September 13th 2006
Our childish side longs, wishes to be older but the older we get the more we fear loosing our inner child. Me? I’m constantly reminded of my size and thus of my age, but within those reminders, lay the child, I believe will always remain.
Today, the rain mocks me in the way it bounces off the muddy pavement trying to tempt my child to join… “alright rain, you asked for it… I surrender my cocktail umbrella to the wind, as if it kept me dry in the first place, chuck my falsely claiming knowledgeable books and… jump.
I quickly find myself in a washer of pure simplicity of which only one voice, one song could explain, I sing: “if all the rain drops were lemon drops and gum drops…

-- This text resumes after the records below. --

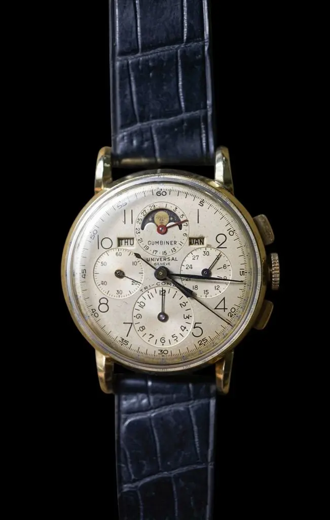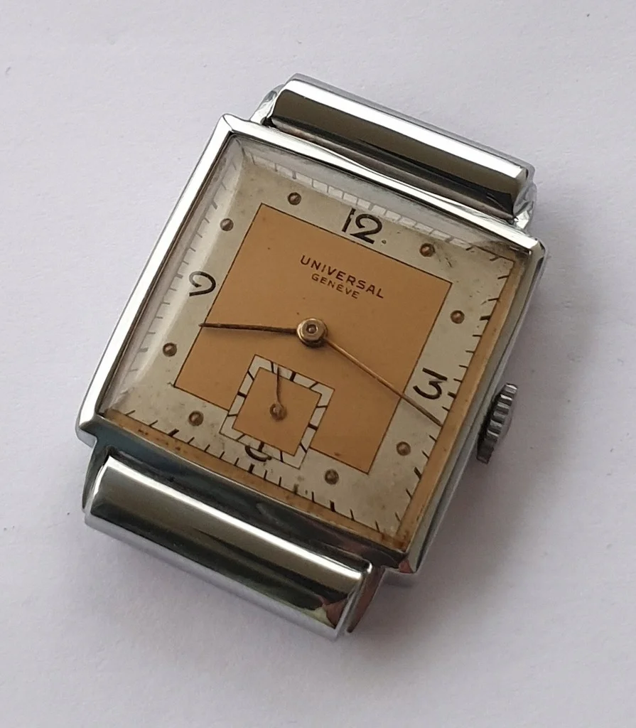 The thing that looks most off to me on the previous watch in discussion is the Universal Geneve text, without serifs and pointy. I have not seen this before on an original dial. But that catalog pic above looks kind of pointy and non serify. (I would have to see much better pics of your time only example, I can't see hardly anything).
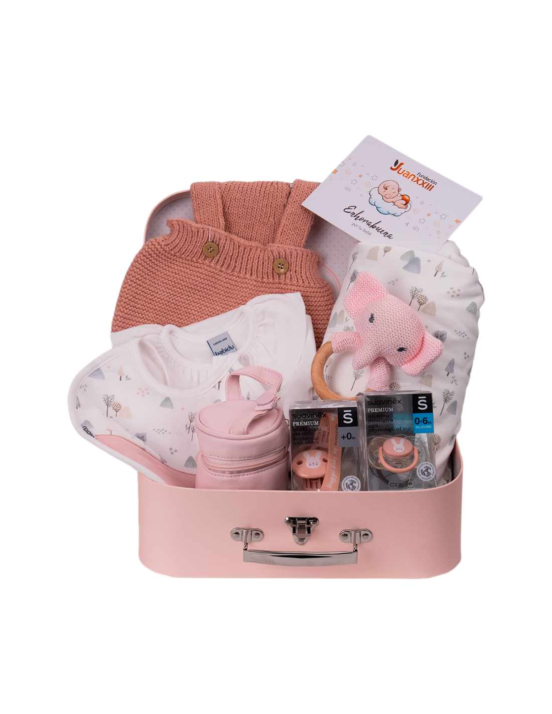 Compuesto por: Arrullo Polar, Babero, Portachupete, Chupete 0-6M Suavinex, Broche Cinta con Pinza Suavinex, Body Cruzado C/Bebe, Pantalón con Tirantes, Elefante 13Cm  Sonajero Algodón, Maletita Cartón 30×20×9 y Tarjeta de Felicitación.
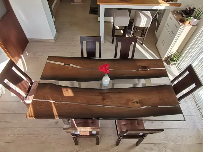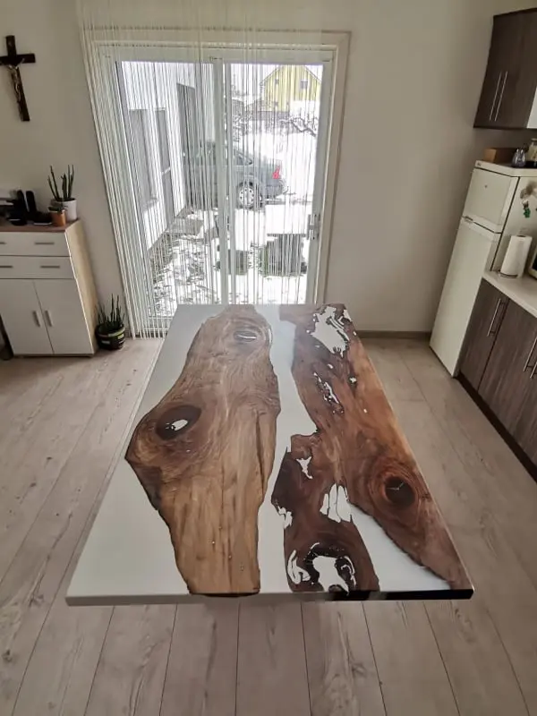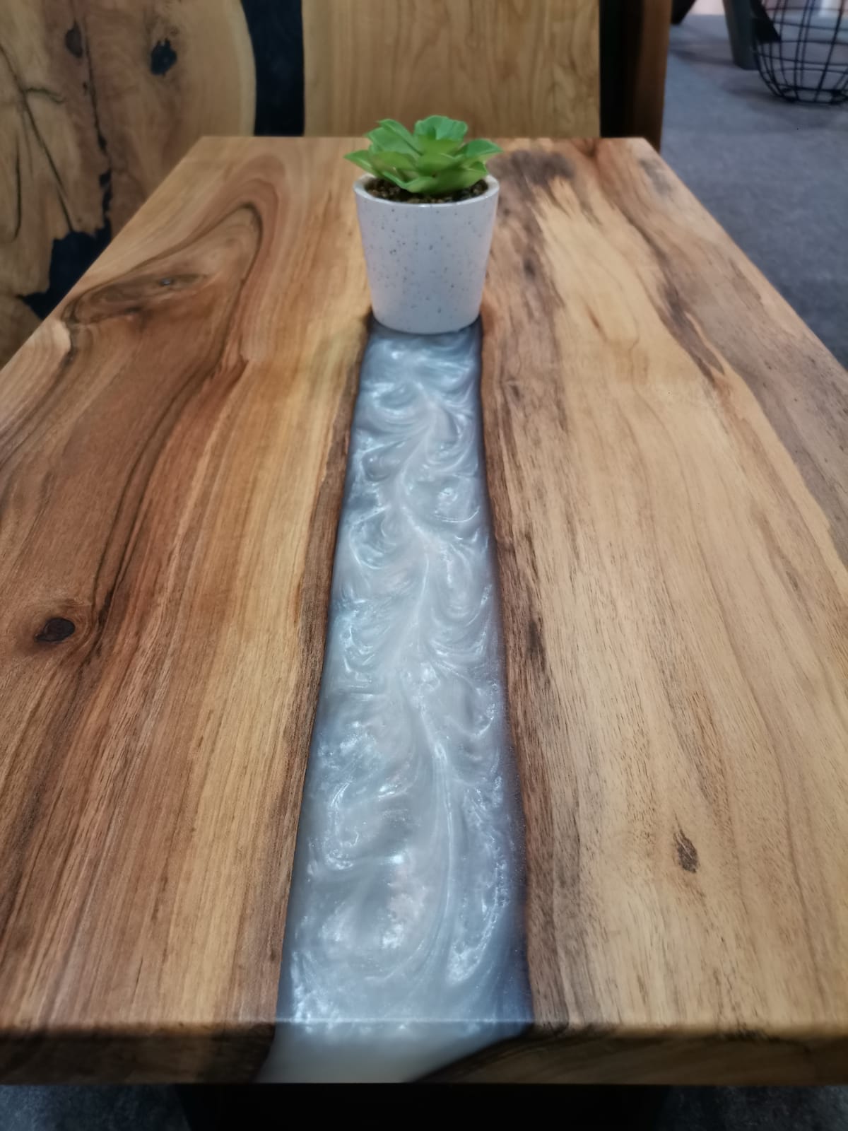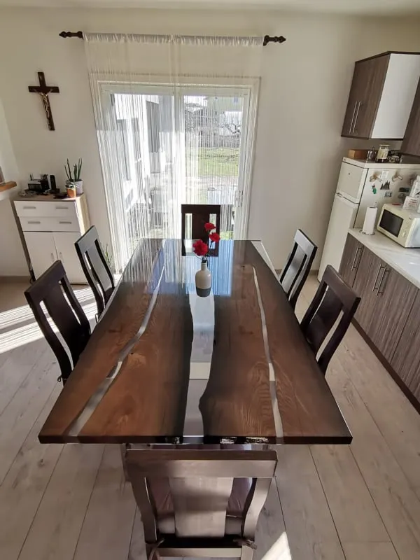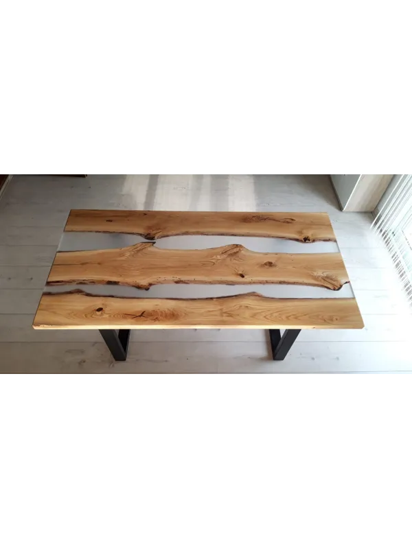 Die „River“-Kollektion steht für eindrucksvolle Massivholz-Esstische mit kunstvoll eingegossenem Epoxidharz in eleganter Flussoptik. Jeder Tisch ist ein handgefertigtes Unikat, das natürliche Holzstruktur mit der Tiefe des Harzes vereint – modern, ausdrucksstark und zeitlos.
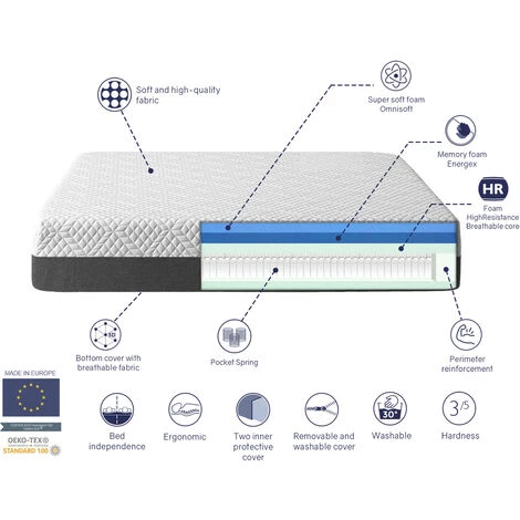 - Matériau de Noyau: Moussee de polyuréthane de différentes densités + ressorts ensachés. Multicouche
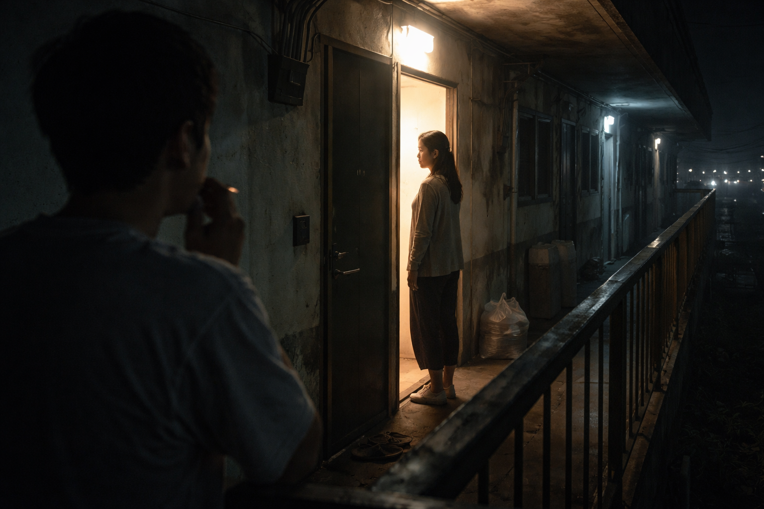 街の中心から少し外れた、古びた鉄筋コンクリートのマンション。共用廊下には雨水の黒い筋が残り、夜になると蛍光灯は半分しか点かない。窓からは線路が見える。終電後もしばらく残る鉄の匂いと、遠ざかる振動。それが妙に落ち着いた。
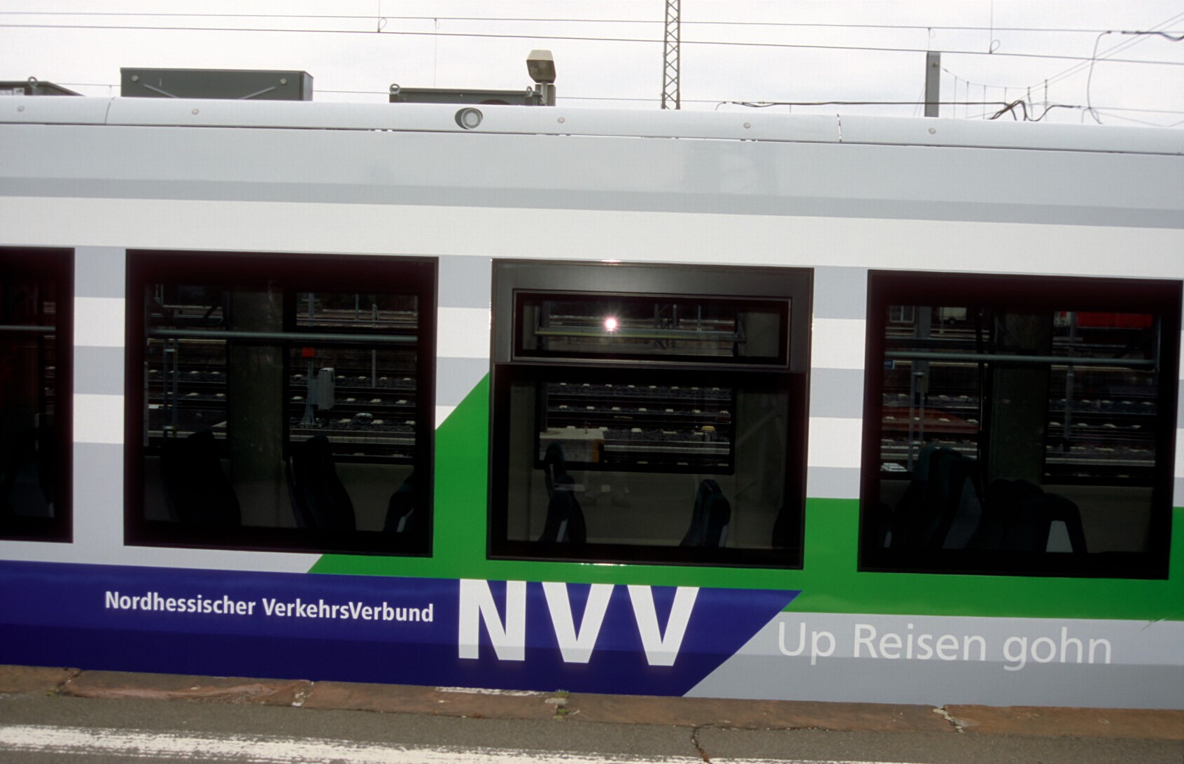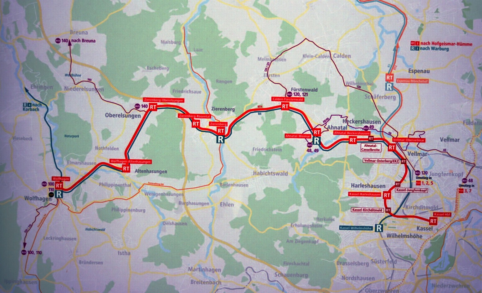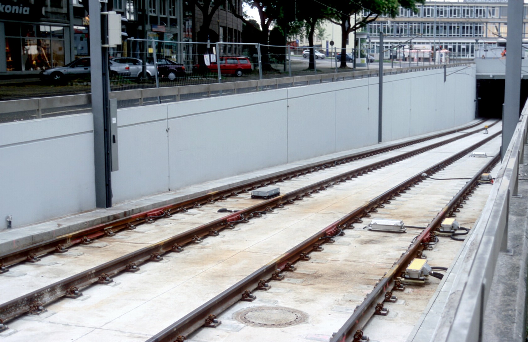 Die RegioTram genannte Regionalstadtbahn Kassel fährt unter dem Hauptbahnhofsgebäude von den DB-Eisenbahnstrecken ins innerstädtische Bahnnetz.
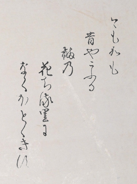 Mototoshi states: the expression ‘faded and lingering’ is difficult to distinguish. In addition, saying ‘Fallen upon [the flower’s] upper leaves, / Frost’ is a severe misjudgment. The poem of the Right has the tautology ‘with the dawn fall’ and then ‘every morning’. Clearly neither of these appears to win or lose, so I make this a tie.
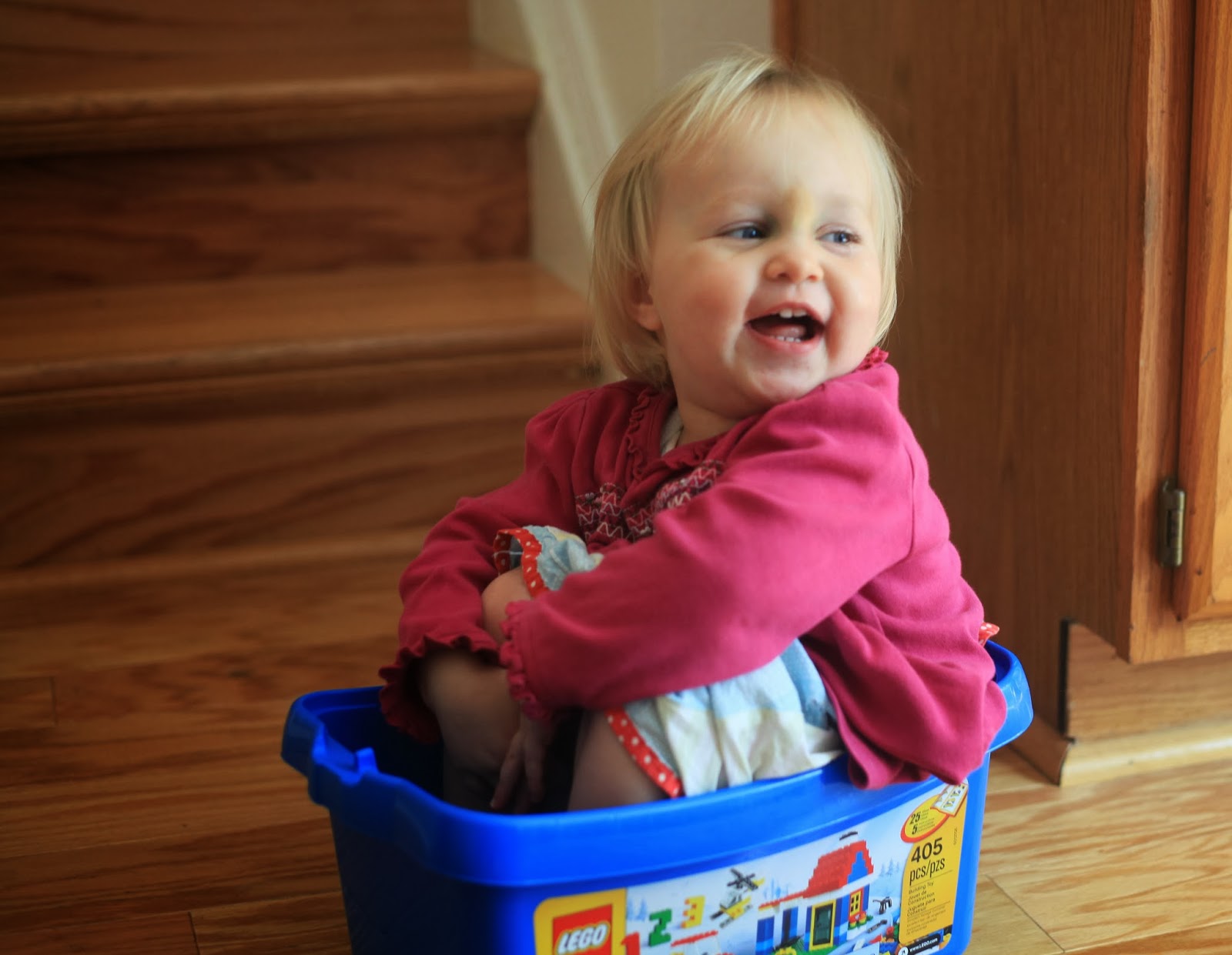 Have I mentioned that I love this age?! (20 months) I think it is so cute. Ruthie just decided that the Lego bucket seemed like a good place to hang out and climbed right in. A great fit.
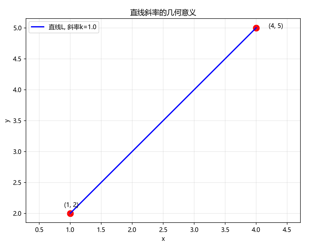 plt.plot([x0, x1], [y0, y1], 'b-', linewidth=2, label=f'直线L, 斜率k={slope}')
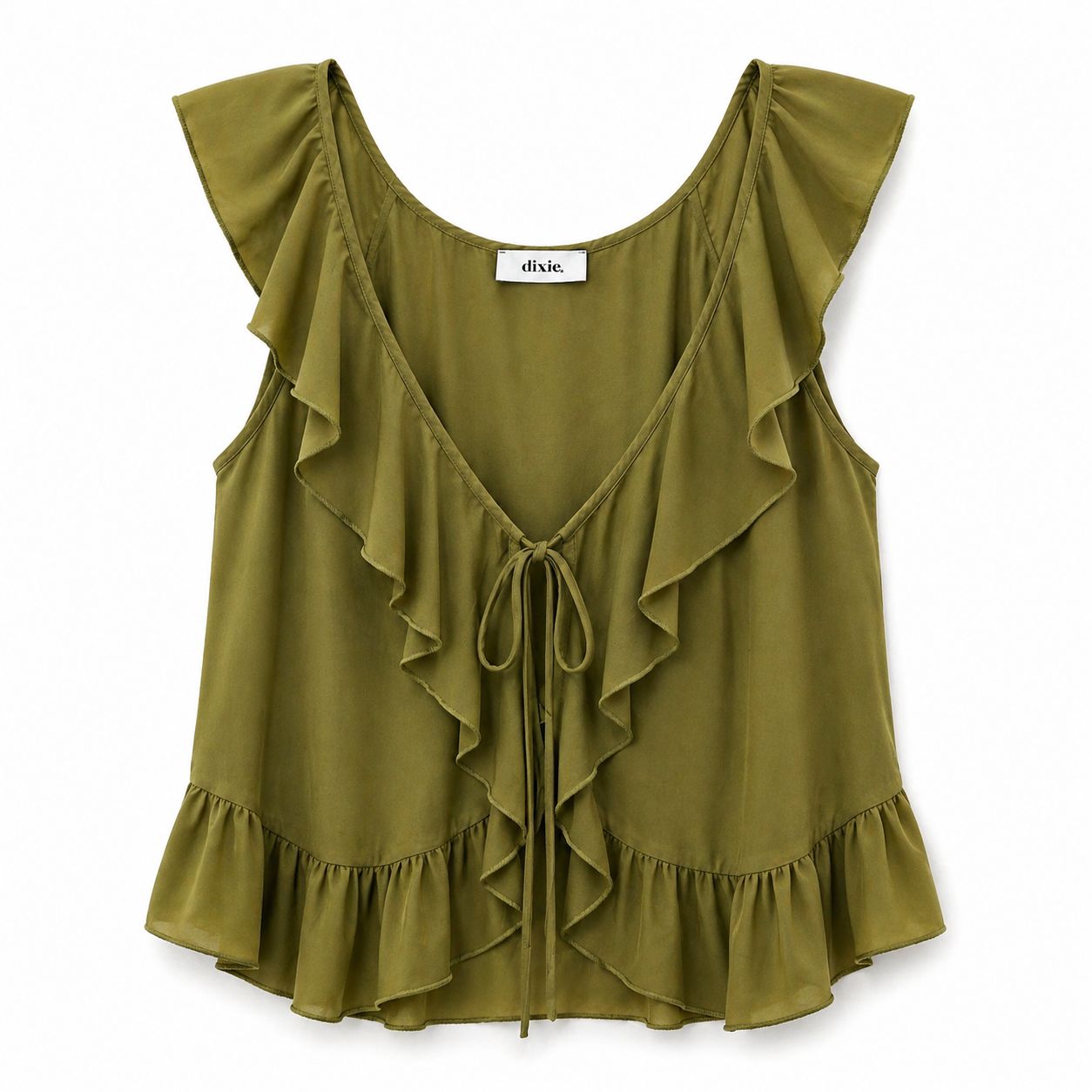 Top verde Dixie com acabamento fluido e delicado, confeccionado em 100% viscose, garantindo leveza e conforto ao longo do dia. A textura suave e o caimento solto tornam esta peça perfeita para dias mais quentes.

Bells interrupt me, symbolic reasoning for leaving the church, forcingly subsiding my wide-eyed, try everything once, child. “Ok”, I sigh in accordance to that damn cricket I managed to drown out just long enough for a much needed, twirl. I gather my things.
Now, frowning at the sight of my butts future home for the next two hours, I am reminded once again of my size, (the more money I throw away for this “knowledge”, the smaller my desk gets.) Still feeling childish in my mood, he chirps yet again; my thoughts must be wondering. A “disorder” is what they’d call my child and my wondering thoughts. There is a diagnosis for everything now. They diagnose my child as if it were a disease needing treatment; but, if my child is a disease, may there never be a cure, for I am a dreamer of the most luscious sorts and these thoughts are not to be dismissed for any lecture that bares no immediacy of my attention.
I wish to live my life deliberately, instead of following that cricket, listening to them…I wish, instead…to jump.